# [WHAT YOU WILL DO]
Only one stretch of the data below should be repeated: the lines from the line containing "One 1969D $1" through the line containing "Oscar Wall, Recurly", inclusive, exactly as they are.

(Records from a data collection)
■ ■ ■

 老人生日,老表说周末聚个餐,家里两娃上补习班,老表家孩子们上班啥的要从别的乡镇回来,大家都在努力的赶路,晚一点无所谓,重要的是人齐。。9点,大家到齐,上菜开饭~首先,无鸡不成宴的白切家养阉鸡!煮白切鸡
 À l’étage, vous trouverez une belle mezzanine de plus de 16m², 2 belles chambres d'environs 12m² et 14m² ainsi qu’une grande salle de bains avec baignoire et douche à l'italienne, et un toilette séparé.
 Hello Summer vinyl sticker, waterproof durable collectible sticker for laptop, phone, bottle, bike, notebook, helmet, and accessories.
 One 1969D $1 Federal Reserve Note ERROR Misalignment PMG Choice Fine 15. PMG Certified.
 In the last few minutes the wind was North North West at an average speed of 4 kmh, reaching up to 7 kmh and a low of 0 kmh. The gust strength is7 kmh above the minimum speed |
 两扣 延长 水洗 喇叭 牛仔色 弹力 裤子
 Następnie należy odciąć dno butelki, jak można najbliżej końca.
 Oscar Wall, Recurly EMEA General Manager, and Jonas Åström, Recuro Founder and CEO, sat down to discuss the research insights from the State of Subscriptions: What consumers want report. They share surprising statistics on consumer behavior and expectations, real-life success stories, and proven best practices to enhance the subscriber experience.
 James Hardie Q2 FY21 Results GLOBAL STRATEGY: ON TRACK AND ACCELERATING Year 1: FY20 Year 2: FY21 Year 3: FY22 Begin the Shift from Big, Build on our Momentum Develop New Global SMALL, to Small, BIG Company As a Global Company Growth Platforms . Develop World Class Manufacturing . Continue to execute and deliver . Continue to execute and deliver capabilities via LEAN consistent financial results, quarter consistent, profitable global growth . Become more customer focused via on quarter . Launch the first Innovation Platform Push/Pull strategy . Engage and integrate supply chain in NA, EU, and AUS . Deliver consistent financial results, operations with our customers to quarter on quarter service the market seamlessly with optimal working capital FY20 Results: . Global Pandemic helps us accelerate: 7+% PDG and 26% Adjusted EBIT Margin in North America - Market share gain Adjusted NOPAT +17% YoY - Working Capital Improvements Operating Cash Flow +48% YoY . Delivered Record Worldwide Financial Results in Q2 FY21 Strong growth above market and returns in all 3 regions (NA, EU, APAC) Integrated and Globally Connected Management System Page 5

■ ■ ■

# [RESULT OF THE TASK]
 One 1969D $1 Federal Reserve Note ERROR Misalignment PMG Choice Fine 15. PMG Certified.
 In the last few minutes the wind was North North West at an average speed of 4 kmh, reaching up to 7 kmh and a low of 0 kmh. The gust strength is7 kmh above the minimum speed |
 两扣 延长 水洗 喇叭 牛仔色 弹力 裤子
 Następnie należy odciąć dno butelki, jak można najbliżej końca.
 Oscar Wall, Recurly EMEA General Manager, and Jonas Åström, Recuro Founder and CEO, sat down to discuss the research insights from the State of Subscriptions: What consumers want report. They share surprising statistics on consumer behavior and expectations, real-life success stories, and proven best practices to enhance the subscriber experience.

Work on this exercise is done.